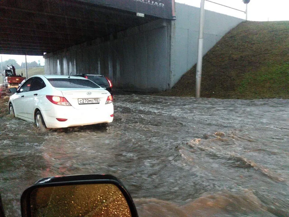 ӨФӨ, 2017 йыл, 4 сентябрь. /«Башинформ» мәғлүмәт агентлығы, Ольга Мортазина/. Өфөлә һуңғы айҙағы көслө ямғыр ҡоя. Синоптиктар фаразлауынса, ҡалала 10 миллиметр самаһы — 1 квадрат метр майҙанға 10 литр ямғыр яуырға тейеш ине. Ысынында иһә күберәк яуғандыр, моғайын. Урамдар һәм тротуарҙар шунда уҡ һыу аҫтында ҡалды, йәйәүлеләр тубыҡтан һыу кисеп йүгерә, һыу автомобилдәрҙең радиаторҙарына еткән, ә шәп тиҙлектә килгән машиналар ҙур тулҡындар сәсрәтеп үтә.
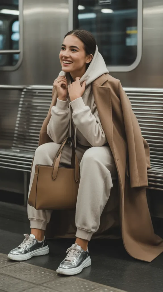 Casual never looked so chic pair a cashmere hoodie with matching joggers and throw on a longline coat. Leather sneakers and a structured tote finish the vibe, turning simple loungewear into mode casual magic. This is one of those casual winter outfits that work for travel days or weekend coffee runs. Cozy yet stylish, it’s an everyday win. A winter outfit that balances comfort and polish perfectly.
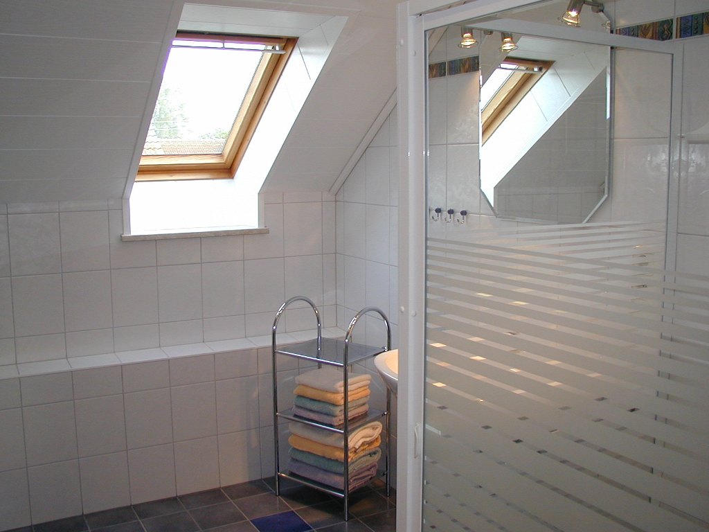 Zur Erfrischung gibt es im Bad (6qm) mit Fenster eine Dusche (90x90cm), Waschbecken, Dusch- und Handtücher. Das WC ist getrennt vom Bad.
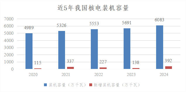 2024年是我國核電發展具有里程碑的一年,全年新核準11臺核電機組,為歷年核準數量之最,連續3年核準機組數量超過10臺;投入運行核電機組2臺,新增額定裝機規模240萬千瓦;在運、在建和核準待建核電機組共有102臺,總裝機容量1.13億千瓦,連續2年位居全球首位。截至當年末,全國運行核電機組共有57臺(不含臺灣地區),額定裝機容量為5943.17萬千瓦。全年累計核電發電量為4451.75億千瓦時,比上年同期上升了2.72%,占全國累計發電量的4.73%,超過太陽能發電量,排在第4位。由此可見,我國核電裝機占全國總裝機的比例不到2%,但發出的電量接近全國總發電量的5%。年設備利用小時數為7805.74小時,平均機組能力因子為90.26%
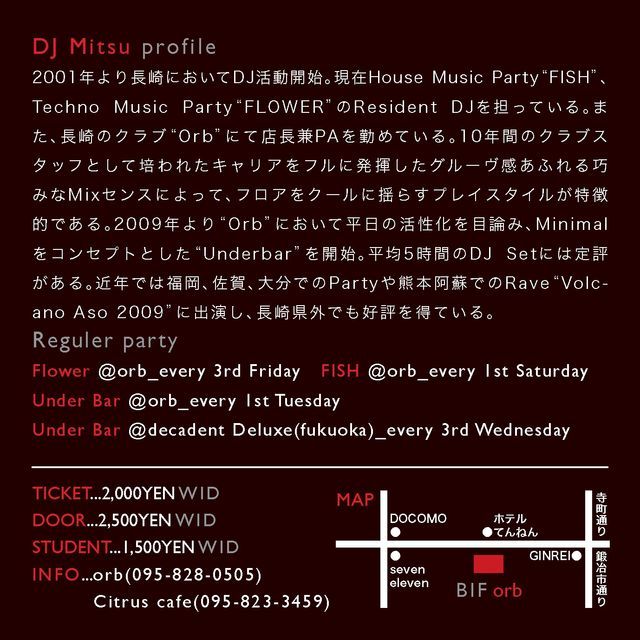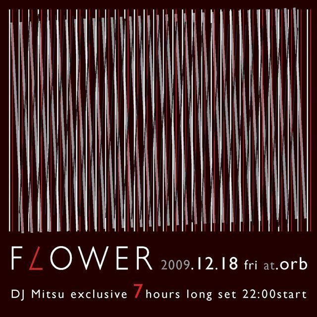 2009年最後のFLOWERは、今年を締めくくるにふさわしく、、 FLOWERのドンDJ Mitsuの7時間ロングセットです!! 時には酔いしれ、時には発狂し、時には戦い、時にはまったり、時には歓喜し、時には爆発し、、な7時間??! 終わるころには、踊りまくってみんな真っ白になってるかも。。 そしてそして、当日は《Cofe FLOWER》がOpen!! FLOWER特製ブレンドの挽きたて&入れたてコーヒーを販売します☆ バーカン&ラウンジがコーヒーの香りにつつまれ、ちょっとした癒しの空間に♫ フロアでガンガン踊れて、バーカン&ラウンジで
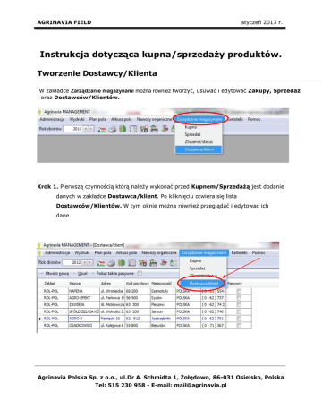 AGRINAVIA FIELD styczeń 2013 r. Instrukcja dotycząca kupna/sprzedaży produktów. Tworzenie Dostawcy/Klienta W zakładce Zarządzanie magazynami można również tworzyć, usuwać i edytować Zakupy, Sprzedaż oraz Dostawców/Klientów. Krok 1. Pierwszą czynnością którą należy wykonać przed Kupnem/Sprzedażą jest dodanie danych w zakładce Dostawca/klient. Po kliknięciu otwiera się lista Dostawców/Klientów. W tym oknie można również przeglądać i edytować ich dane. Agrinavia Polska Sp. z o.o., ul.Dr A. Schmidta 1, Żołędowo, 86-031 Osielsko, Polska Tel: 515 230 958 - E-mail: [email protected] AGRINAVIA FIELD styczeń 2013 r. Krok 2. Jeżeli chcemy uwzględnić nowego Dostawcę/klienta wystarczy kliknąć Utwórz nową i na samym dole listy otworzą się puste rubryki wiersza, które należy pokolei wypełnić zaczynając od lewej strony. Krok 3. By usunąć Dostawcę/kliena zaznaczamy jednym kliknięciem wiersz danych, który po wybraniu zmienia kolor na niebieski. Następnie klikamy na Usuń. Dostawca/Klient zostanie usunięty bez możliwości cofnięcia kroku ( jedyna możliwość to wczytanie z Kopii Bezpieczeństwa). Agrinavia Polska Sp. z o.o., ul.Dr A. Schmidta 1, Żołędowo, 86-031 Osielsko, Polska Tel: 515 230 958 - E-mail: [email protected] AGRINAVIA FIELD styczeń 2013 r. Krok 4. Gdy mamy dodanych wszystkich Dostawców/klientów wówczas możemy korzystać z podzakładek Kupno i Sprzedaż. Podzakładka Kupno umożliwia dodanie produktów do magazynu. Dodawanie w każdej z tych zakładek wygląda identycznie (graficzny przykład pokazany na ”Kupnie produktu”). Sprzedaż wykonujemy w ten sam sposób otrzymująć odwrotny rezultat, czyli ściągniecie ze stanu magazynowego. W efekcie możemy również drukować raporty zakupów /sprzedaży wg poszczególnych dostawców dla wybranych okresów, rodzajów produktów itd... Agrinavia Polska Sp. z o.o., ul.Dr A. Schmidta 1, Żołędowo, 86-031 Osielsko, Polska Tel: 515 230 958 - E-mail: [email protected]
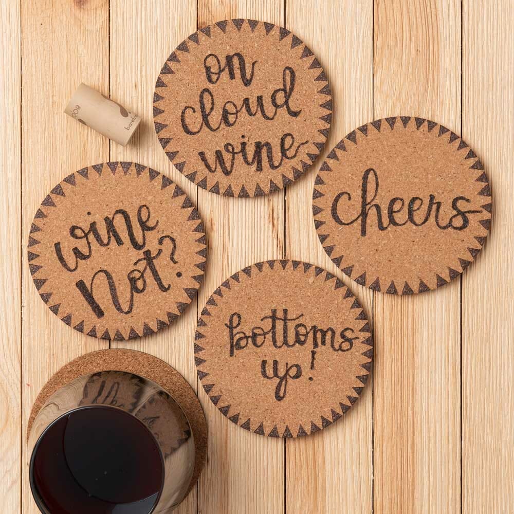 Regarding cork coasters, I have a few wood-burning tips. Cork is less durable than solid wood, so it requires a lower temperature. No worries, though. The results are equally fantastic.

■ EXERCISE AIM: Above are some entries. Restate word for word the lines from the one holding "2024年是我國核電發展具有" through the one holding "2009年最後のFLOWERは、今年を締めくくるにふさわしく、、 FLOWERのドンDJ Mitsuの7時間ロングセットです!!", but not the pictures.

■ ANSWER FOR THIS EXERCISE:
 2024年是我國核電發展具有里程碑的一年,全年新核準11臺核電機組,為歷年核準數量之最,連續3年核準機組數量超過10臺;投入運行核電機組2臺,新增額定裝機規模240萬千瓦;在運、在建和核準待建核電機組共有102臺,總裝機容量1.13億千瓦,連續2年位居全球首位。截至當年末,全國運行核電機組共有57臺(不含臺灣地區),額定裝機容量為5943.17萬千瓦。全年累計核電發電量為4451.75億千瓦時,比上年同期上升了2.72%,占全國累計發電量的4.73%,超過太陽能發電量,排在第4位。由此可見,我國核電裝機占全國總裝機的比例不到2%,但發出的電量接近全國總發電量的5%。年設備利用小時數為7805.74小時,平均機組能力因子為90.26%
 2009年最後のFLOWERは、今年を締めくくるにふさわしく、、 FLOWERのドンDJ Mitsuの7時間ロングセットです!! 時には酔いしれ、時には発狂し、時には戦い、時にはまったり、時には歓喜し、時には爆発し、、な7時間??! 終わるころには、踊りまくってみんな真っ白になってるかも。。 そしてそして、当日は《Cofe FLOWER》がOpen!! FLOWER特製ブレンドの挽きたて&入れたてコーヒーを販売します☆ バーカン&ラウンジがコーヒーの香りにつつまれ、ちょっとした癒しの空間に♫ フロアでガンガン踊れて、バーカン&ラウンジで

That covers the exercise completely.